George swiveled in his chair and looked to the sunlight on the floor. The blinds sliced the light into segments that reminded him of the dance of light and water along the hull of the sub when Wilkins, KC, and himself had been rescued.
He belched, tasting the coffee he has just finished. Immediately following the belch, he felt something tickling the back of his throat. It felt like a thick trail of phlegm that refused to come up. He cleared his throat, but that urgent tickling remained.
He left his office and walked slowly into the bathroom. He studied his reflection in the mirror above the sink, frowning at what he saw. His eyes were hollow and his face lacked any sort of color. He looked like a ghost. He sometimes wondered if he had died in that sub with the three other men.
But there was no fooling himself into believing that he was dead. The ache that had been growing within his stomach for the last three days was an indication of that, as was the prominent cough.
As he studied his reflection, he was assaulted by one of the fits of coughing that had plagued him since returning to land. How long had that been, anyway? Nine days? Ten? It didn’t seem like that long.
He didn’t bother covering his mouth. He hunkered down in the floor and hugged the toilet, coughing violently. The coughs were dry and raspy, each one making his chest burn. He coughed into the bowl and saw that there was a pinkish hue to his spit. He coughed a few more times, knowing that it would not stop until the…the things came up. He felt them climbing up his throat like tiny bugs. He spit into the toilet, grimacing.
Four small black shells fell from his mouth and made tiny plink sounds in the water. They were the size of pepper flakes but had the solidity of pebbles. Whatever they were, they appeared to be alive. They writhed in the toilet for a moment and then died.
George watched the small shapes until he was sure they were all dead. He flushed the toilet and watched them swirl down.
He tasted the faintest traces of blood and something else that tasted slightly like cabbage. He found this odd since all he had eaten for breakfast was toast, oatmeal and two cups of coffee.
His stomach lurched a bit at the peculiar taste but he paid it no mind. His stomach had been acting up for three days and he hadn’t gotten sick yet. It would simply churn, almost as if he had gas. But after the churning passed, it would vanish completely. He kept trying to tell himself that there was nothing to worry about. It was probably just some side effect from whatever happened in the sub.

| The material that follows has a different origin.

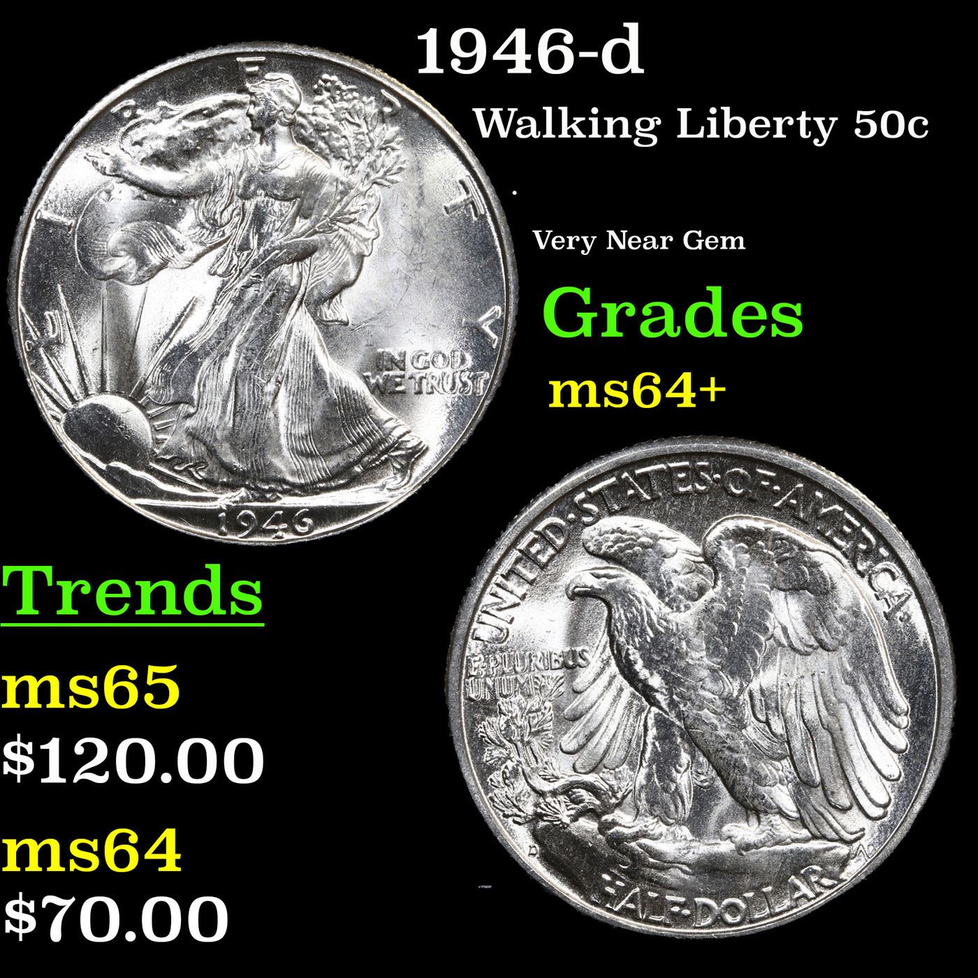 1946-d Walking Liberty Half Dollar 50c Grades Choice+ Unc.

He’d been warned about the tension headaches and he had meds to ease them. The doctors had also warned about potential nose bleeds, but there had only been one minor episode since returning home. But then the black flea-like things had started coming from his throat when he coughed. That had happened almost right away, even before they had left Siberia. And as of last night, there was that tickling in his throat, something so prominent that he had felt as if his throat may close up.

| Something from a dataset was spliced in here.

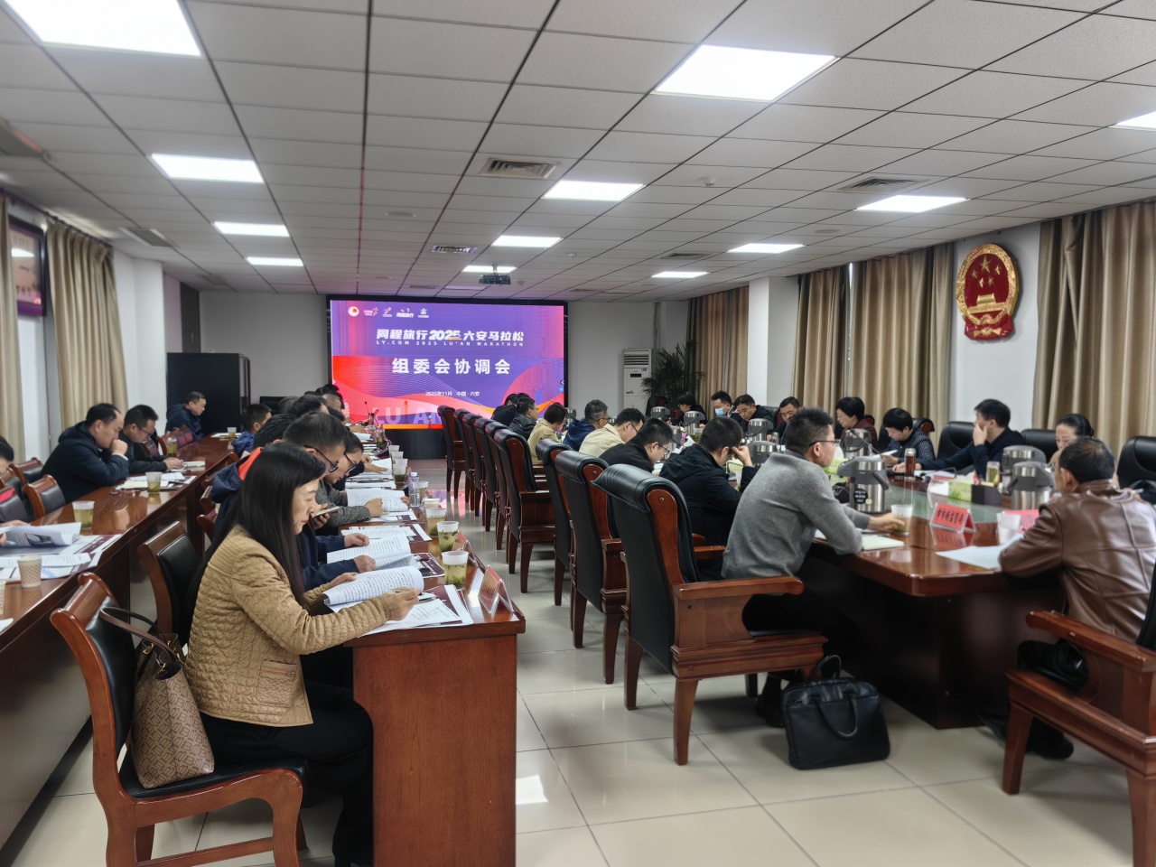 同程旅行2025六安马拉松将于11月30日正式开赛,为切实做好赛事筹备组织工作,保障赛事顺利举行。11月12日下午,2025六安马拉松第一次协调会议在市政府会议室召开,各相关单位负责人参加会议。

He wondered if KC was going through this, too. Why else would he be sending such brief e-mails?
Wilkins is dead.
Well, how had Wilkins died? George wanted to reply to KC’s e-mail, but he knew that it would be dangerous to do so. He felt certain that KC was putting himself at great risk to get his messages out. Surely after what had happened in the trench, they were being monitored somehow.
Well what the hell happened in the trench, anyway?
George couldn’t remember, and trying to recall the memories only frustrated him.
On his way to the kitchen for a glass of water, he went into another coughing fit. This time the black creatures came up right away. George felt them swarming in his mouth, clicking against his teeth. There were eight of them this time, six of which were dead by the time they hit the floor.
He tracked the other two down and stepped on them. They made a crunching sound beneath his foot. When he removed his foot, he saw that they left a clear fluid when their bodies were smashed.
George poured himself a glass of water and downed it. He then refilled the glass and went back into his office. There was a folder full of paperwork on his desk, contracts and documents that he, Wilkins, and KC had been forced to sign after being rescued. He fished through these and found the medical reports. One of the doctors had stapled his business card to one of the reports and had instructed them to call if things got really bad.
George wasn’t sure if his current state was considered bad to these doctors, but he punched the number in anyway.
The phone rang nine times before it was picked up. The man on the other end sounded confused.
“Hello?”
“I’m looking for Dr. Kagle,” George said.
“Speaking. But this is a private number. How did you get this?”
“My name is George Galworth. You examined me three weeks ago after my sub was rescued off of the coast of Siberia.”
“Of course, of course! George, it’s nice to hear from you.” His tone and the waver in his voice indicated that this was a lie. “Is something wrong? Can I do anything for you today?”
“I’ve got this really bad cough,” George said. “I’m spitting up these black things. And ever since last night, I get the feeling that there’s something else. Like, when I cough, there’s this larger thing trying to come up.”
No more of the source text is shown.